A few days ago I FINALLY finished a warp I had been working on for what seems like forever!
This warp had been intended for another design, but I counted wrong and ended up with half as many warps as needed. It was unmercerized 8/2cotton and it was tiny and sticky. The sensible thing would have been to simply cut it off and start over, but I am such a cheap-skate that I used it anyway. A learning experience.
Now I have started a new warp and am using Laverne's appendix D "Selecting the Pebble Shed Warps the Huancayo Way". It turns out to be a really good way to find twisted warps before you get going on the project (another problem that slowed me down on my last project).
I am also using mercerized cotton this time, which I hope will be easier to deal with!
Beautiful! love the colours and the designs.
Whoa! I love it! And hooray for being the first to report on the "Huancayo way". You may have noticed that when you use this method and end up with the two pebble sheds in a cross, that warps are aligned in singles or pairs. Any warps that end up as pairs can be put together in one heddle-also a great time saver!
ps...may I use the picture on my blog?
Thanks Evelyn and Laverne!
Laverne, I would be tickled if you want to use it!
Now that I have finished setting up my heddles, I need to figure out how to use the pattern saving cord. I tried it in the example in your book and it made perfect sense. But I don't quite get how to use it with a more complicated pattern?
You would use it in exactly the same way with a more complicated pattern, Carolyn. Pick your pattern at the cross sticks and place the cord within the shed. When you come to do the next pick up shed, open the shed with the cord, place your hand within and remove the cord. Pick your shed and replace the cord.

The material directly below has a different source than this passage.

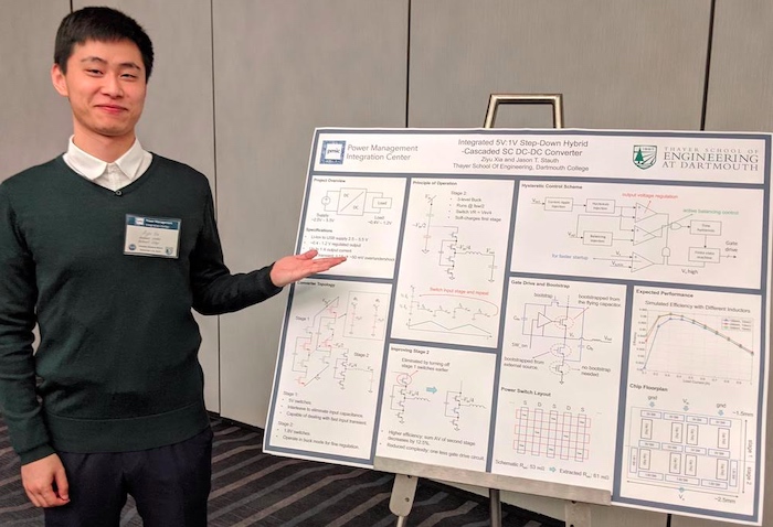 由 PMIC 博士資助 學(xué)生 Ziyu Xia 展示了他的項(xiàng)目“An Integrated 5:1 DC-DC converter”。圖片由 Andrila Hait 和達(dá)特茅斯大學(xué)提供
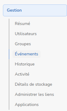 - Toutes les notifications envoyées à vos utilisateurs sont indexées dans les Evènements. Cependant seules les notifications d'ajouts de fichiers ne comportent pas de détail consultable.

Saving the previous pick up shed will help you read where the pattern needs to go without having to recount your warps. For example, if you are weaving a diagonal line as part of your pattern that starts 8 warps in from the edge and is moving to the left, you would just drop the pair you picked in the previous pattern shed and pick up the pair immediately to its left rather than having to count 10 warps in from the edge. It saves having to recount all those warps. Occasionally when your pattern reverses direction and mirrors itself, it will save you from having to pick an entire row.I can see at least one place in your design where that happens.
Was your design inspired by anything in particular?
Ok, I think I get it!
This design was just a doodle. I wound this warp wrong. I counted out half as many pattern warps as I needed to do another design and then didn't realize that it would take far less time to add the missing warps than to weave a new pattern to the end.
The edge of the desing did not work out the way I had hoped. I thought the white would show up better. I tend to be drawn to more subtle colors. I think I need to be more open to bold colors. When I admire other people's work it is usually something with a really intricate design as well as BOLD colors.
I think I would like to try this design again as part of a larger project. Maybe a border?
I saw a beautiful bag at a local fair the other day. I asked the weaver about it and she said it had been done by a visiting weaver from Peru. It looked like pebble weave, but was done with much larger wool yarn in natural colors. I have some churro in many different shades (a spinning sampler package) which might be appropriate for such a project. But I think it would make sense to use something else for weft.
Where is your new book for sale? I keep checking weavezine, but I am not finding it there?
Well it is not really "new" but rather a print version of the download so it os new in the sense that it is a BOOK rather than a pdf.. IT is a new edition as it has the four-shaft appendix and some extra text including some new text to clarify the use of the saver cord. You buy it on the same WeaveZine page where the download is sold. You will see that there is the option to buy the pdf or print version there.